A nossa espécie surgiu em África há mais de 300 mil anos, com uma migração para fora do continente africano há 60 mil a 70 mil anos, dando início à propagação global do Homo sapiens. Mas a grande questão é: para onde foi o Homo sapiens depois de sair de África?
Segundo um novo estudo, divulgado na última edição da revista Nature Communications e partilhado pela Reuters, estes grupos de caçadores-recolectores parecem ter permanecido durante milhares de anos como uma população homogénea num centro geográfico que abrangia o Irão, o Sudeste do Iraque e o Nordeste da Arábia Saudita, antes de colonizarem toda a Ásia e a Europa há cerca de 45 mil anos.
As descobertas basearam-se em conjuntos de dados genómicos extraídos de ADN antigo e de bancos genéticos modernos, combinados com provas paleoecológicas que mostraram que esta região teria representado um habitat ideal.
Os investigadores chamaram a esta região, parte do denominado planalto iraniano, um 'centro' geográfico para estas pessoas — que talvez fossem apenas alguns milhares — antes de continuarem a avançar, milénios mais tarde, para locais mais distantes.
“Os nossos resultados fornecem a primeira imagem completa do paradeiro dos antepassados de todos os actuais não-africanos nas fases iniciais da colonização da Eurásia”, afirmou o antropólogo molecular Luca Pagani, da Universidade de Pádua (em Itália), autor principal do estudo publicado na revista Nature Communications.
"É uma história sobre nós e a nossa história”
O antropólogo e co-autor do estudo Michael Petraglia, director do Centro de Investigação Australiano para a Evolução Humana da Universidade de Griffith (na Austrália), disse que o estudo “é uma história sobre nós e a nossa história — o nosso objetivo era desvendar alguns dos mistérios sobre a nossa evolução e a nossa dispersão mundial”.
“A combinação de modelos genéticos e paleoecológicos permitiu-nos prever o local onde as primeiras populações humanas residiram logo que saíram de África”, acrescentou Michael Petraglia.
Estes povos viviam em pequenos grupos móveis de caçadores-recolectores, segundo os investigadores.
A localização do 'centro' oferecia uma variedade de ambientes ecológicos, desde florestas a pradarias e savanas, flutuando ao longo do tempo entre períodos áridos e húmidos. Teria havido amplos recursos disponíveis, com provas que mostram a caça de gazelas selvagens, ovelhas e cabras, disse Petraglia.
“A sua dieta teria sido composta por plantas comestíveis e caça de animais de pequeno e grande porte. Os grupos de caçadores-recolectores parecem ter praticado um estilo de vida sazonal, vivendo nas terras baixas nos meses mais frios e nas regiões montanhosas nos meses mais quentes”, destacou Petraglia.

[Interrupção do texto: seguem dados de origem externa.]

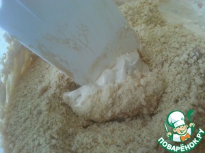 В готовый крем крошим маленький корж. Корж измельчаем в блендере или скалкой.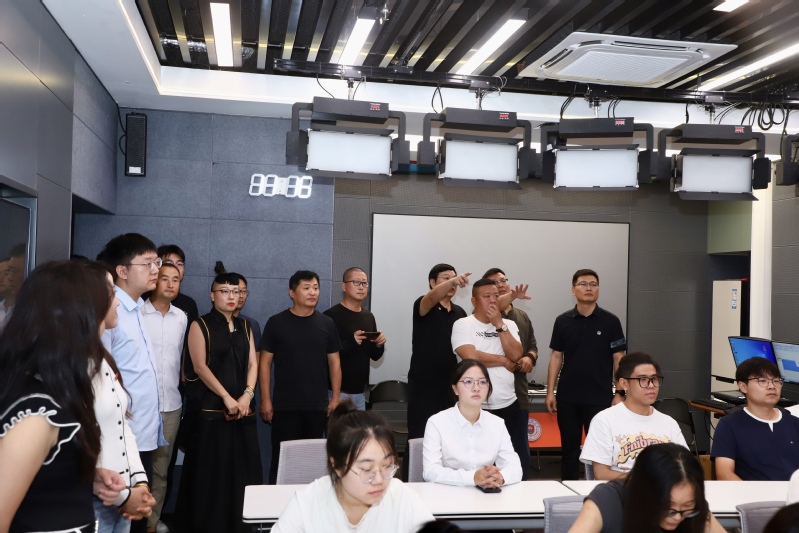 9月11日,徐州市新媒体协会、徐州九段数字科技有限公司以及抖音亿级服饰品牌“凤徕兮”等单位应邀来院开展产教融合合作交流。会议围绕网络直播人才的思想引领、论坛筹办如苏鲁豫皖交界区网络达人论坛以及培训领域合作如微综艺直播和 “数商助农”乡村基层传媒能力培训、竞赛活动筹办等合作方向进行了深入探讨。院长孟宪浦、院党委书记韩洪政及相关工作人员出席座谈。座谈会后,孟宪浦等人陪同专家团队实地参观了爱师大智慧研创中心、精品视频资源录制室,以及学院的直播间、灯光室、演播厅等教学实训设施。参观过程中,双方就实训场景的数字化升级与未来建设方向进一步交换了意见。(一审:张陈杰,二审:孟宪浦,三审:韩洪政)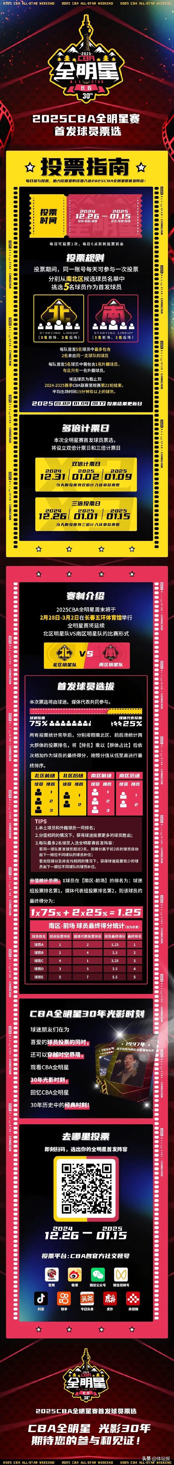 12月26日,2025CBA全明星賽首發球員票選正式啓動,將持續至2025年1月15日。
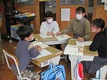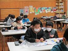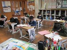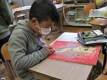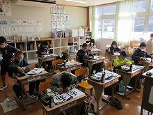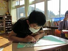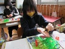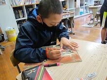 小学4年生が図工の授業で版画を制作していました。彫刻刀で版木を彫り、黒インクをつけて印刷した後、印刷したものに裏側から色をつけていました。作品の出来上がりが楽しみです。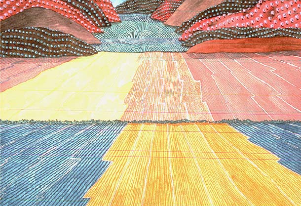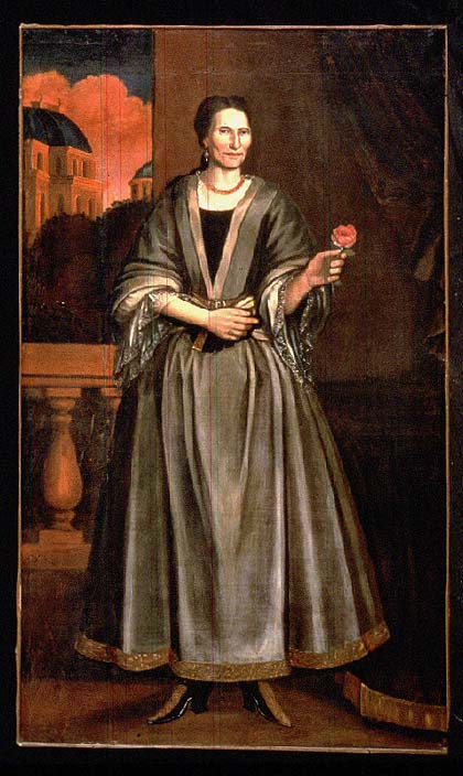 Top to bottom: attributed to Nehemiah Partridge, Ariantje Coeymans (Mrs. David Verplanck), 1718 or c. 1722-24, oil on canvas, 71 x 39 inches, original painted wood frame, 85 1/4 x 53 1/4 inches,bequest of Mrs. Gertrude Watson; Richard Callner, Red Fields, East of Madrid, 1988, watercolor and gouache on paper, 29 1/5 x 42 inches, AIHA Purchase.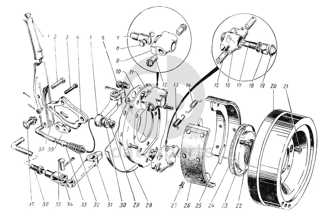 Ручной тормоз и управление им ГАЗ-51 (63, 93)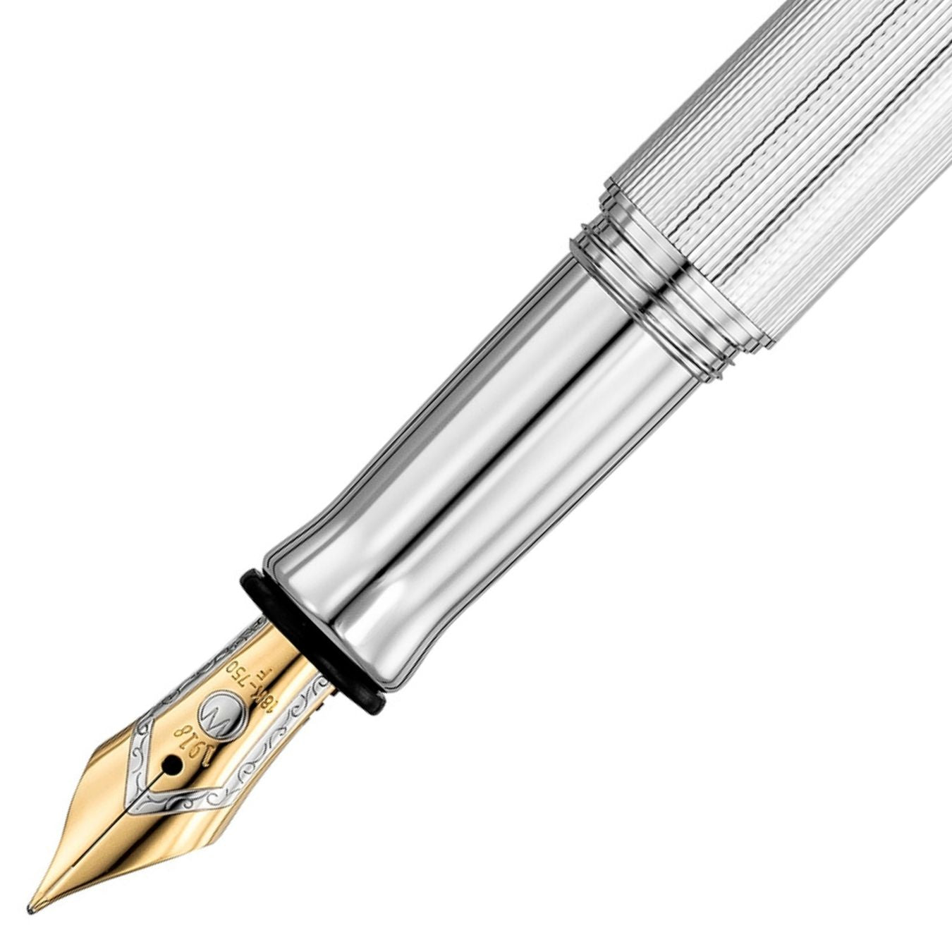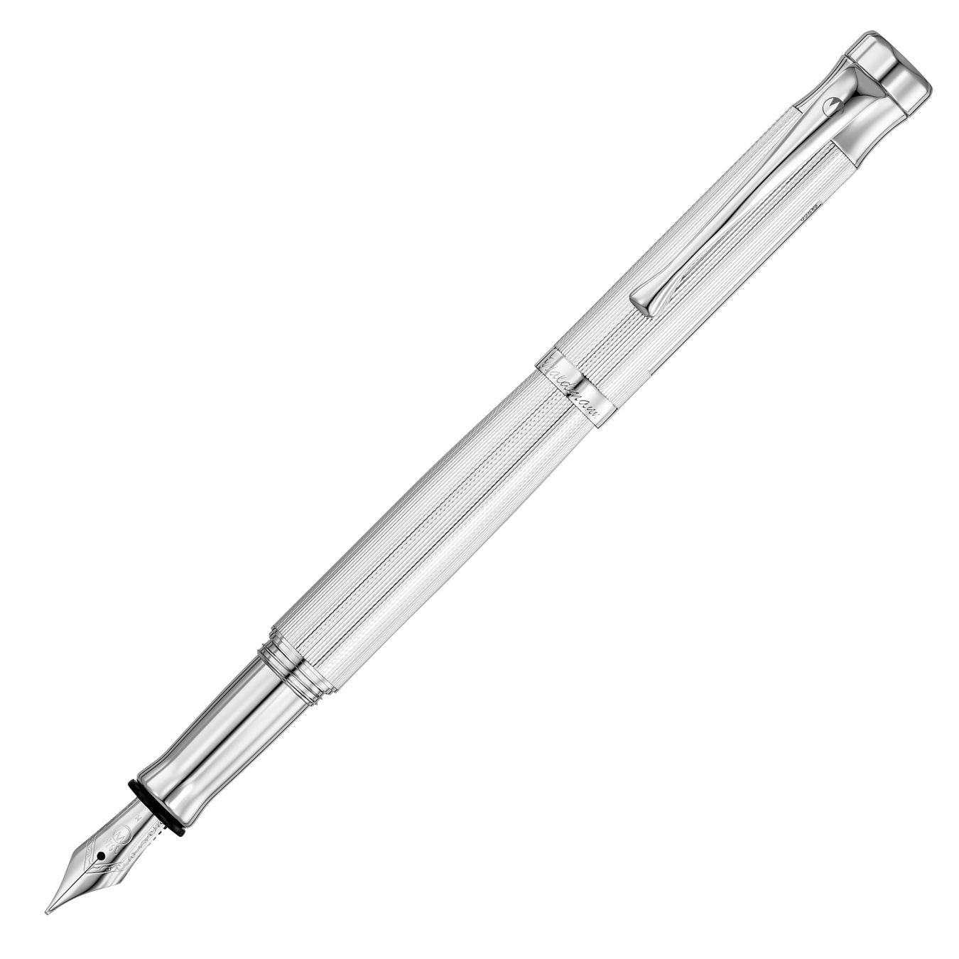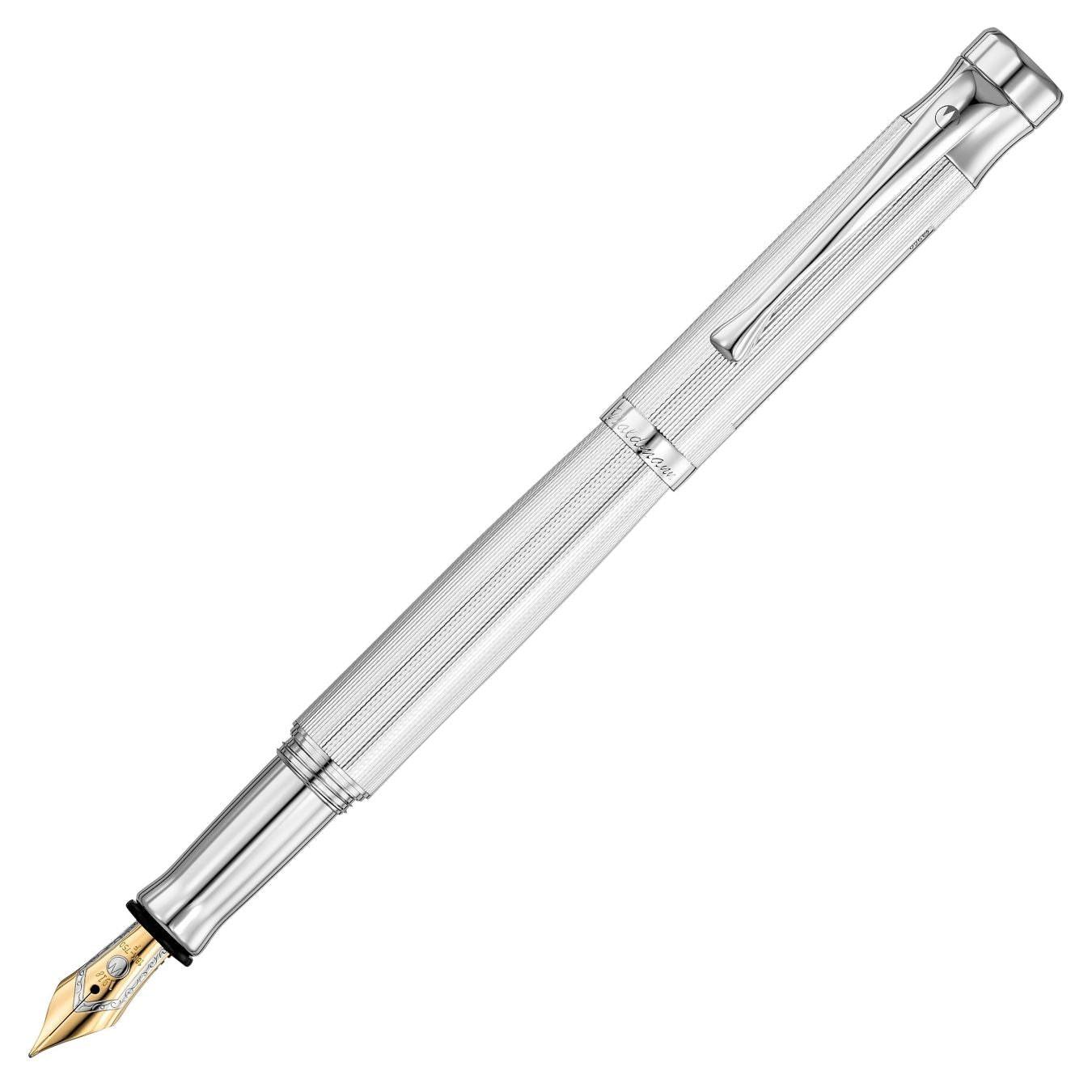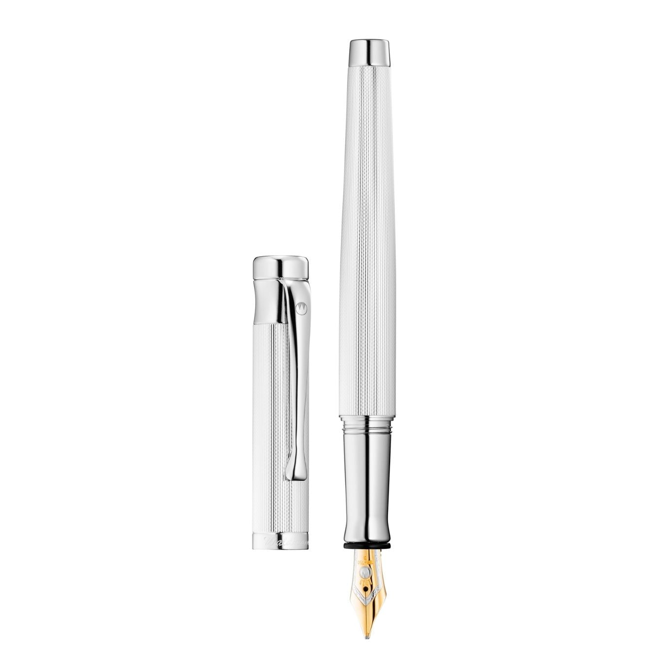 The Waldmann Tango Silver Grain Fountain Pen: a design classic and a continued success story. Expressive through its distinct, tapered silhouette, this elegant fountain pen features a meticulously crafted fine barley pattern on its barrel, achieved through the traditional Guilloché technique.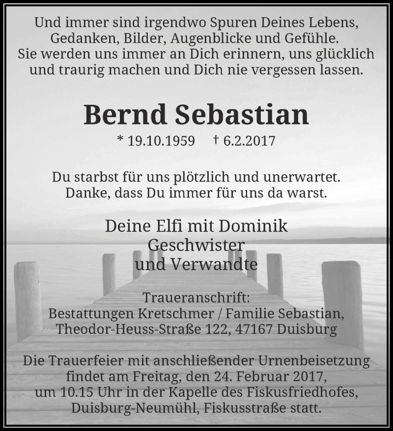 Hier finden Sie alle Traueranzeigen aus der Zeitung, die bisher für Bernd Sebastian erschienen sind. Weitere Traueranzeigen, die in der Zeitung erscheinen, werden hier ebenfalls aufgelistet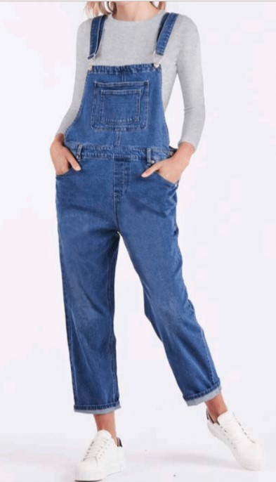 The Simone Dungaree is versatile, the ultimate timeless piece.  This vintage inspired style has trendy distressed details. The dungaree can be layered over a cropped rib tee for hot summer days or light knitwear in cooler months.

As pessoas que habitavam o 'centro' na altura aparentemente tinham pele e cabelos escuros, talvez parecidos com as etnias gumuz ou anuak que agora vivem em partes da África Oriental, segundo Pagani.
"A arte rupestre apareceu simultaneamente assim que as pessoas deixaram o centro. Portanto, essas estas realizações culturais podem ter sido preparadas enquanto estavam no 'centro'”, disse Pagani.
A sua eventual dispersão em diferentes direções para além do centro estabeleceu a base para a divergência genética entre os atuais asiáticos orientais e os europeus, de acordo com os investigadores.
Estudo explorou dados genómicos modernos e antigos de povos europeus e asiáticos
“Encontrámos uma utilidade especial nos genomas mais antigos, que datam de há 45 mil a 35 mil anos”, afirmou o antropólogo molecular e também principal autor do estudo Leonardo Vallini, da Universidade de Pádua e da Universidade de Mainz, na Alemanha.
Os investigadores desenvolveram uma forma de desemaranhar a extensa mistura genética de populações que ocorreu desde a dispersão do 'centro', a fim de identificar esta região.
Houve excursões anteriores de pequena escala do Homo sapiens para fora de África, antes da migração crucial de 60.000 a 70.000 anos atrás, mas estas parecem ter sido becos sem saída.
O Homo sapiens não foi a primeira espécie humana a viver fora de África – incluindo a área que abrange o 'centro'. O cruzamento antigo da nossa espécie deixou uma pequena contribuição Neandertal para o ADN dos humanos modernos não-africanos.
“Os neandertais estão presentes na zona antes da chegada do Homo sapiens, pelo que o 'centro' pode muito bem ter sido o local dessa interacção”, concluiu Vallini.